From http://archeryweb.com/archery/olympics.htm

Individual Competition

The format of the men's and women's individual competition is the same and consists of a ranking round followed by the FITA Olympics round.
In the ranking round, archers shoot 72 arrows at a target 70 meters (229 feet, 8 inches) away in 12 ends of six arrows each. A perfect score is 720.
The same set of shots is used to seed teams for the team competitions.
The FITA Olympic round is divided into the elimination round and the finals round.
The 64 competitors, seeded from the ranking round, advance to the elimination round, a single-elimination, head-to-head style of competition (seed No. 64 vs. seed No. 1, 63 vs. 2, etc).
Six ends of three arrows -- for a total of 18 -- are shot at a target 70 meters away with a 40-second time limit per arrow.
Winners of each match move on to the next round. 

The finals round is held when the field has been narrowed to eight archers.
It begins with the quarterfinals and continues with the semifinals and final.
In the semifinal and final rounds, archers shoot four ends of three arrows each -- for a total of 12 -- with a 40-second time limit per arrow.
The losers of the semifinals shoot in the bronze medal match and the two winners shoot in the gold medal final. 

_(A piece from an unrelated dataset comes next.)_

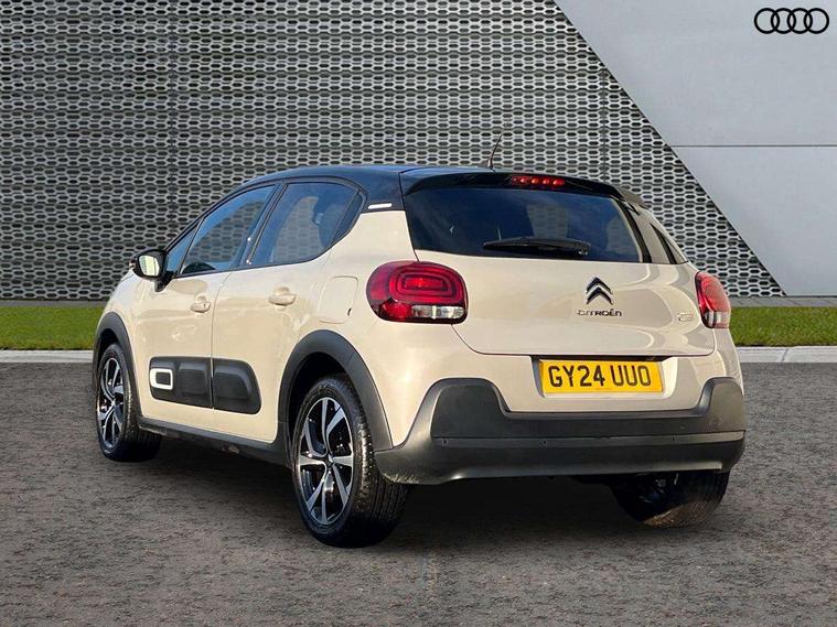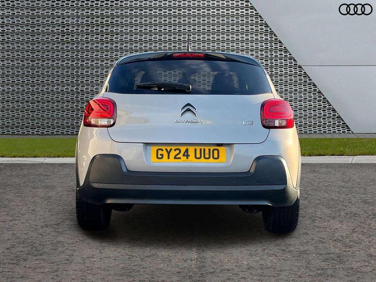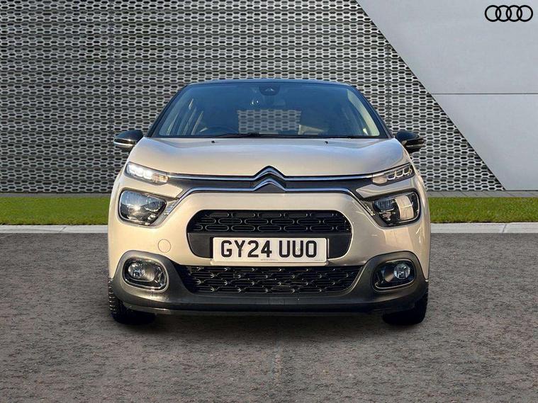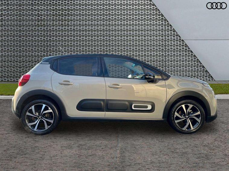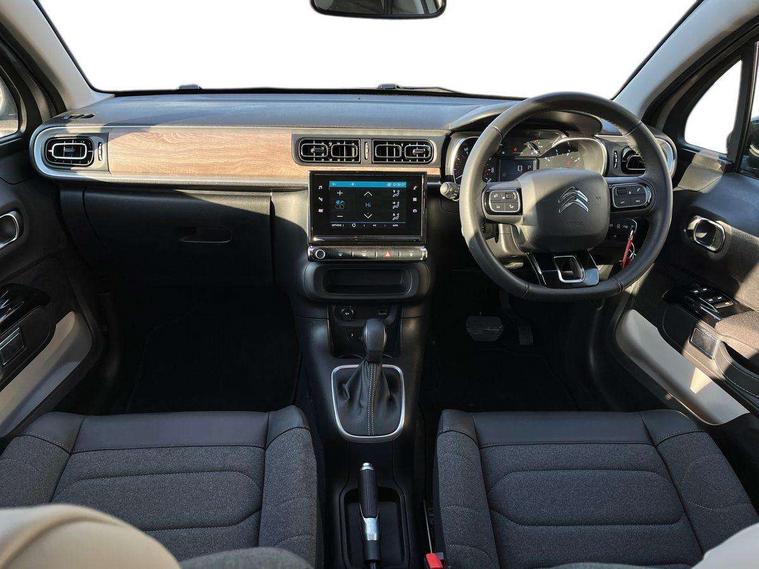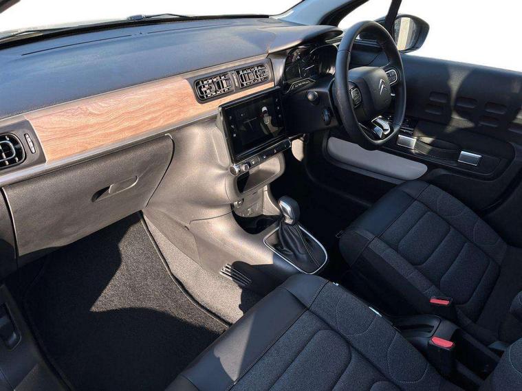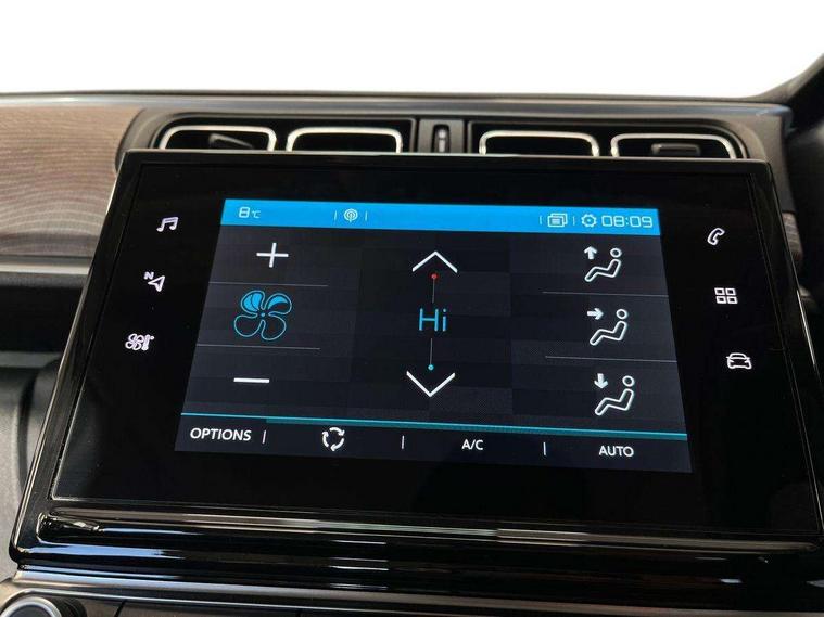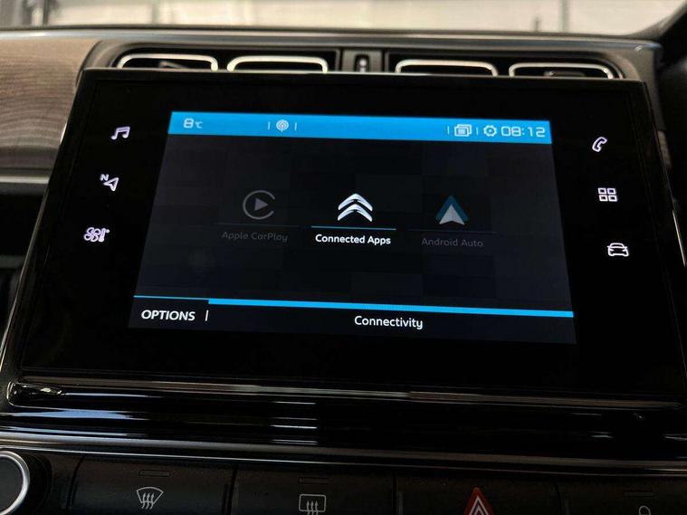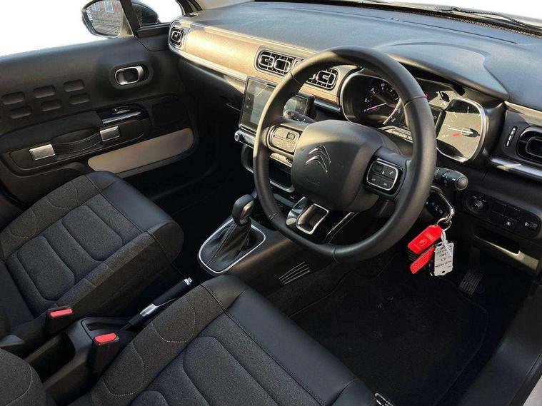 Citroen connect box emergency and assistance system, Citroen connected nav with DAB, 6 speakers, 7" captive touch screen, mirror screen includes apple carplay/android auto and bluetooth, Coffee Break Alert, Cruise control + speed limiter, eCall emergency call system, Exterior temperature display, Lane departure warning system, Multi function trip computer, Rear parking sensors, Reversing camera, Satin chrome surround instrument cluster with white LCD and analogue gauges, Variable assistance power steering, USB connection, 3D rear light signature, Airbump on side door panel, Automatic activation of hazard warning lights, Body colour bumpers, Body colour door handles, Chrome decoration on front face, under chevrons and around daytime running lights, Citroen illuminated signature in LED headlights and LED daytime running lights, Dark tinted tailgate and rear side windows, Electrically adjustable door mirrors, Electrically folding door mirrors, Electrochrome auto dimming interior rear view mirror, Fog lights integrated into front bumper, Front sequential electric windows with one-touch open/close and anti-pinch system, Gloss black finish B pillar, Heated door mirrors, LED Headlights, LED third brake light, Rear sequential electric windows with one-touch open/close and anti-pinch system, Rear side wing doors, Rear windscreen wiper with intermittent mode linked to vehicle speed and automatic activation when reverse gear selected, Roof colour rear view mirror caps, 1/3 to 2/3 split folding rear seat, 12V socket, Automatic air conditioning, Boot light, Cloth/leather effect upholstery, Driver and passenger's sun visor with courtesy mirror, Driver's central armrest, Driver's seat height adjustment, Front lighting panel with map reading lights, Front seats adjustable with forward back slide and adjustable backrest, Height adjustable front head restraints, Height/reach adjust steering wheel, ISOFIX mounting on outer rear seats with top tether and labels indicating fixing points, Leather steering wheel with gloss black + satin chrome elements and audio/telephone controls, Leather trimmed gear lever for automatic gearbox with leather effect gaiter and overstitching lever position indicator, Map pockets in back of driver and front passenger seats, Parcel shelf, Row 2 - Three seats with individually adjustable head rests, Seatbelt unfastened on the move audible and visual alert for front and rear seats, Single front passenger seat, Storage space under touchscreen with rubber mat, Techwood ambience with advanced comfort seats, Three rear headrests, Upholstered armrest in front and rear doors, Safety pack 1 - C3, Safety pack 2 - C3, Visibility pack with automatic lights - C3, ABS with Electronic brakeforce distribution and Emergency braking assistance, Driver and front passenger seatbelts with pyrotechnic pretensioners and force limiters, Driver's airbag, Electric child locks, ESP with anti skid system, Front passenger airbag, Front passenger airbag deactivation, Front side airbags + front/rear curtain airbags, Hill start assist, Manual parking brake with leather handle and chrome finish button, Mono-tone horn, Outer rear seats with pretensioners and force limiters, Three rear 3-point seatbelts, Tyre pressure monitoring system, Anti theft alarm, Automatic door and boot locking when moving off with automatic unlocking in case of impact, Central locking with locked indicator and interior one touch lock button, Immobiliser, Remote control central locking with two plip keys, Technical wood effect dashboard with grey surround, 17" Vector diamond cut alloy wheels, Space saver spare wheel,

Ties are broken with a "sudden death" overtime.
Each archer shoots one arrow and the highest score wins.
If tied, a second arrow is shot for highest score.
If still tied, a single closest-to-the-center arrow determines the winner.
Archers have 50 seconds to shoot each tiebreaking arrow.


----------



## hkim823 (Oct 6, 2004)

If you want to see what a 64 person bracket looks like, check out the results from this past FITA World Championships

http://www.archery-fita.org/2005/woac_madrid_2005/rm_final.pdf


----------



## oldreliable67 (Mar 24, 2003)

The governing body for Olympic archery is the International Archery Federation (loose translation) or FITA. The rule book can be found here:

http://www.archery.org/clients/fita/web/website.nsf

Follow the link on the left side of the page.

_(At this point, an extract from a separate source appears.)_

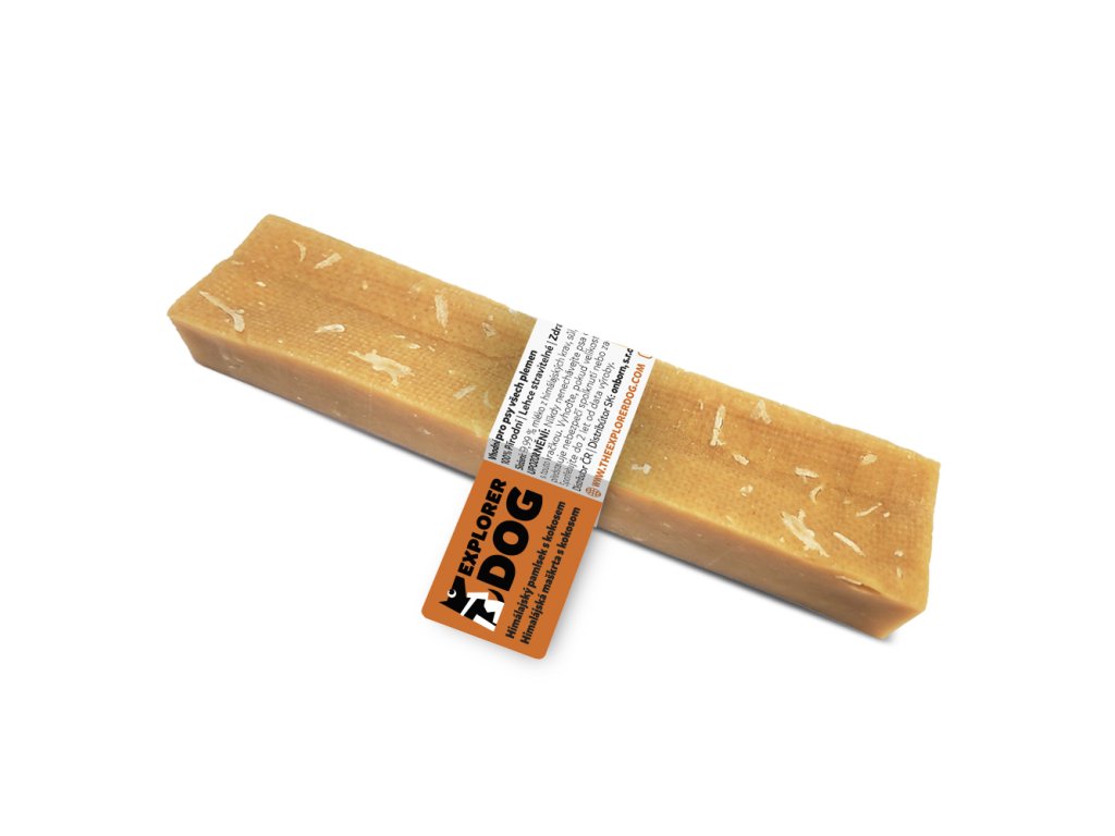 Dentálne tyčinky zo syra so sušeným kokosom sú tvrdé, zdravé a prirodzené maškrty pre psov, ktoré podporujú dentálnu hygienu a pomáhajú odstraňovať zubný kameň. Tieto prírodné syrové maškrty sú ľahko stráviteľné, neobsahujú laktózu, lepok ani konzervačné látky. Vďaka svojmu zloženiu a tvrdosti sú ideálne pre každého psa, bez ohľadu na vek, veľkosť alebo plemeno.Himalájske syry, z ktorých sú tieto maškrty vyrobené, pochádzajú z mlieka voľne chovaných himalájskych kráv. Proces výroby začína hodinovým varením mlieka, aby sa odstránil všetok tuk a zaistila sa pasterizácia. Potom sa pridáva trocha soli a limetkovej šťavy (celkom len 0,01 %) na zrážanie. Nasleduje lisovanie syra po dobu 2-3 dní, aby sa odstránila vlhkosť. Bloky syra sú potom nakrájané na primerane veľké kusy a sušené v udiarni po dobu 20-30 dní, čo im dodáva tvrdosť a jemnú, dymovú chuť.

Hkim has described it well, but to simplify a bit: a qualification round and an eliminations round. Scores from the qualification round are used to determine seedings in the elimination rounds. Then its head-to-head competition until only one remains. Ever go to a drag race or see one on ESPN? Cars make qualifying runs. Those qualifying runs are ranked and put them into brackets. In the first round, the fastest qualifier (#1 seed) meets the slowest qualifier (#16 seed - if a 16 car field), #2 seed meets #15 seed, etc. Its head-to-head racin', loser goes on the trailer, winner keeps racin'. No second chances. No pit stops. No caution flags.


----------



## Muzzylover (Apr 17, 2003)

Thanks everyone! Alan


----------